Query and Relevance Type Tendencies

Queries are Kannada factual or cloze-style questions. Documents are paragraph-length contexts from encyclopedic or educational sources.

The relevance relation is evidence support: the positive paragraph must contain the information needed to answer the question.

Representative Failure Modes

BM25 may retrieve a paragraph that repeats a place or institution name but lacks the requested detail. Dense retrieval may still confuse semantically similar city, history, or geography paragraphs. Hybrid retrieval reduces candidate misses but requires reranking for exact evidence selection.

Because the corpus is small, recall can be high while top-10 ordering remains difficult.

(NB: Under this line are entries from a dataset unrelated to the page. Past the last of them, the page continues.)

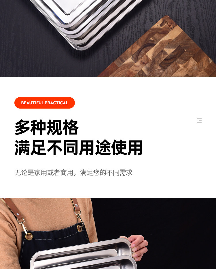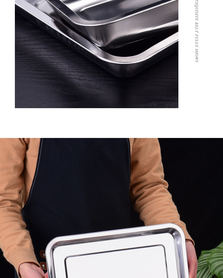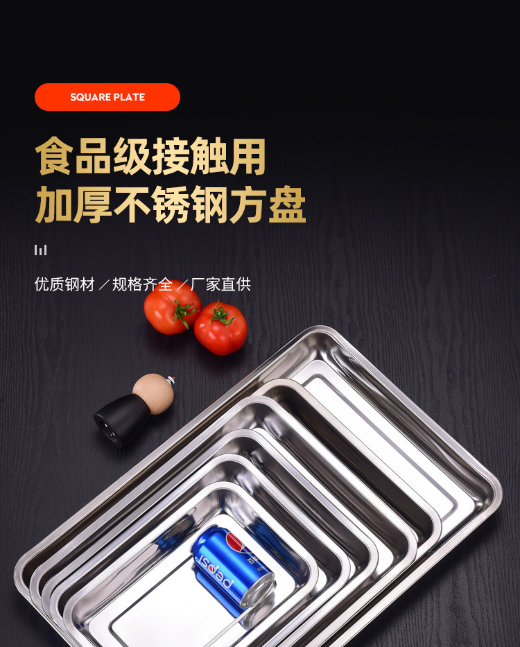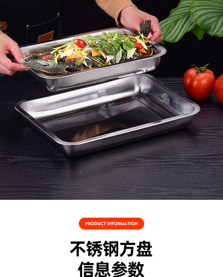 304 스테인레스 스틸 트레이 두꺼운 사각 플레이트 직사각형 상업 찐 쌀판 가정용 접시 딥 만두 플레이트 바베큐 플레이트
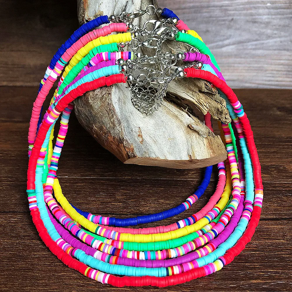Чокер из мягкой керамики для шеи, цветное пляжное ожерелье в богемн...
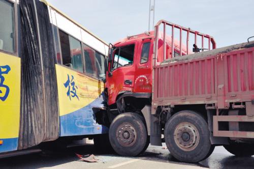 ????????昨日12時(shí)許,記者趕到事發(fā)地點(diǎn):渾南西路與沈蘇西路交會(huì)處的渾河站橋。只見(jiàn)一輛紅色車(chē)身的運(yùn)水罐車(chē)與一輛藍(lán)黃相間的大客車(chē)相撞!
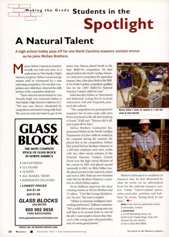 McGee Brothers Contractors Inc. sponsored Hefner in the North Carolina Department of Labor while he worked at the company during the summer. He placed first in the competition. Hefner later joined McGee Brothers Masonry as a full-time employee and, now, works with two other recent winners of the National Masonry Contest. Garrett Hood won the high school division of the contest in 2001 and placed second nationally in 2002. In 2004, Dallas Caudle placed second in the national contest and won it 2005. Both are now foremen with McGee Brothers Masonry, a position to which Hefner aspires.
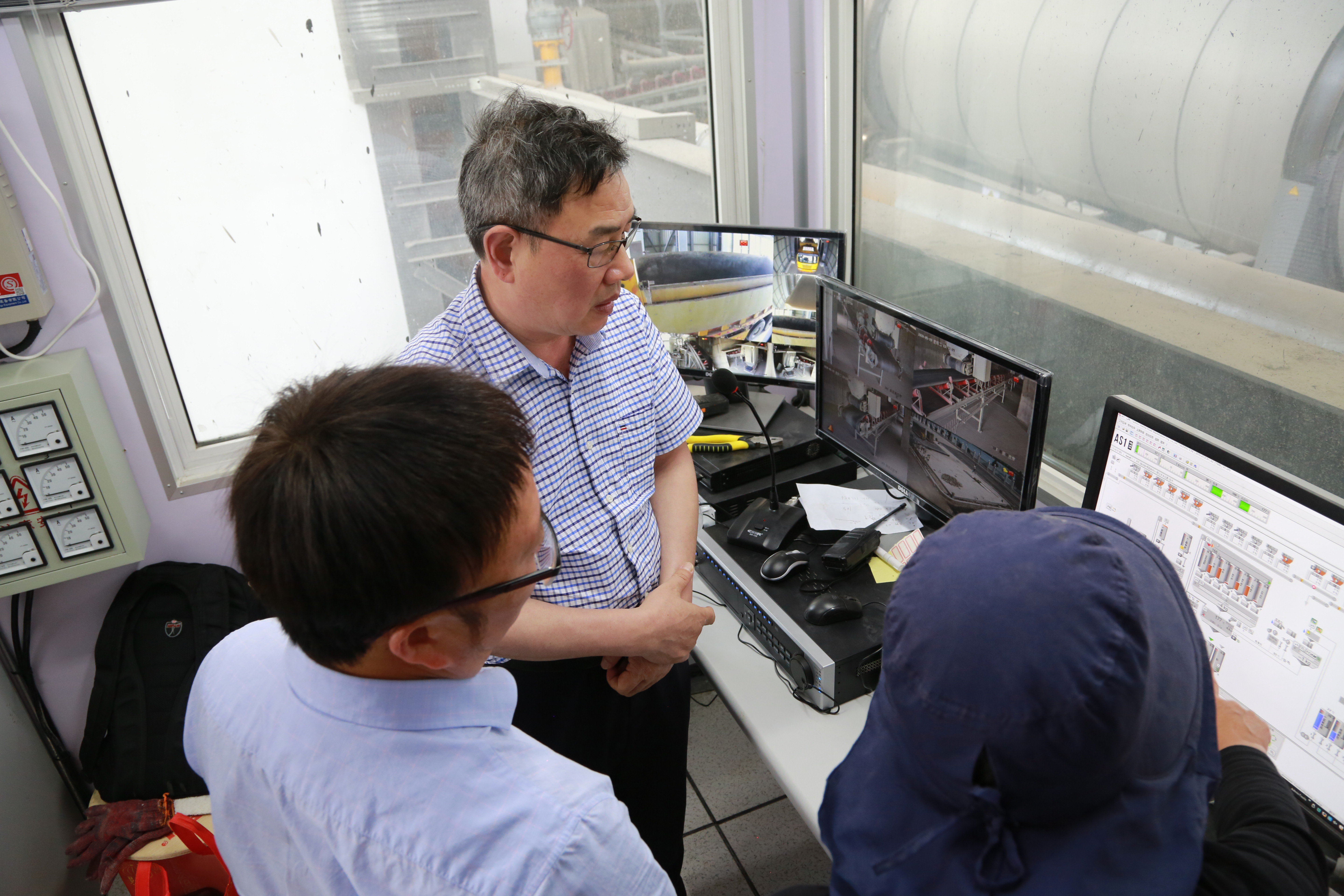 圖為陳文波一行在山海公司瀝青拌合站現(xiàn)場(chǎng)調(diào)研

Training Data That May Help

Useful training data includes Kannada QA, Kannada Wikipedia passage retrieval, Indic multilingual retrieval training, and topic-neighbor negatives from related history, geography, city, or cultural paragraphs.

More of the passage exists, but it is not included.